**Supplied material**
= = =
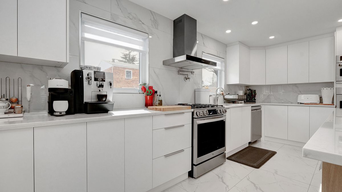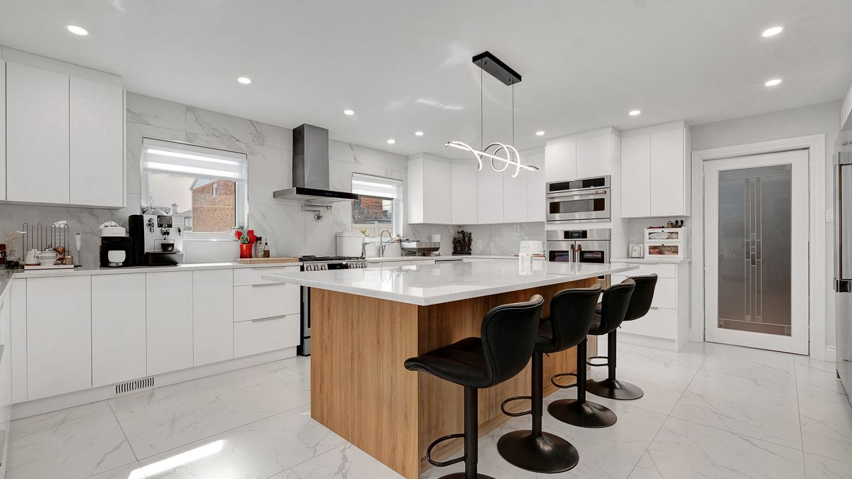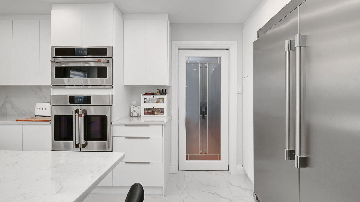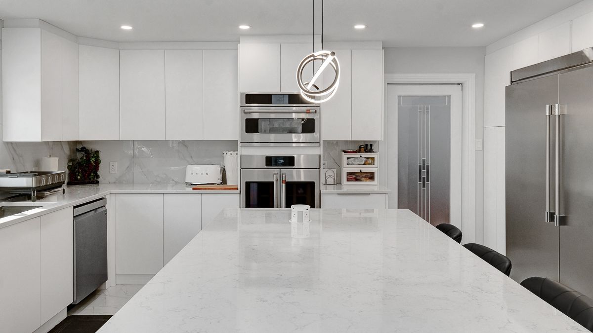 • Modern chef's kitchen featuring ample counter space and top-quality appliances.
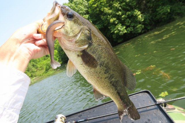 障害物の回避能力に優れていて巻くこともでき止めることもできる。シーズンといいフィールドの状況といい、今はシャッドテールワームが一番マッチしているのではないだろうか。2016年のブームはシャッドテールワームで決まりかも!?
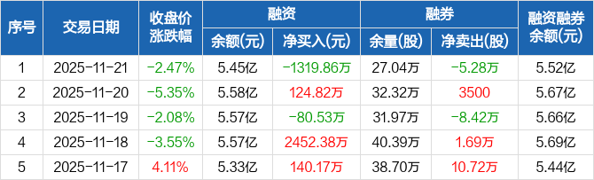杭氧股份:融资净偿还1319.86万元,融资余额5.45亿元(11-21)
= = =
**Task instructions**
Could you give again precisely the lines from the one containing "障害物の回避能力に優れていて" through the final line of the material above, both included, and no others, dropping the pictures?

**Your response**
 障害物の回避能力に優れていて巻くこともでき止めることもできる。シーズンといいフィールドの状況といい、今はシャッドテールワームが一番マッチしているのではないだろうか。2016年のブームはシャッドテールワームで決まりかも!?
杭氧股份:融资净偿还1319.86万元,融资余额5.45亿元(11-21)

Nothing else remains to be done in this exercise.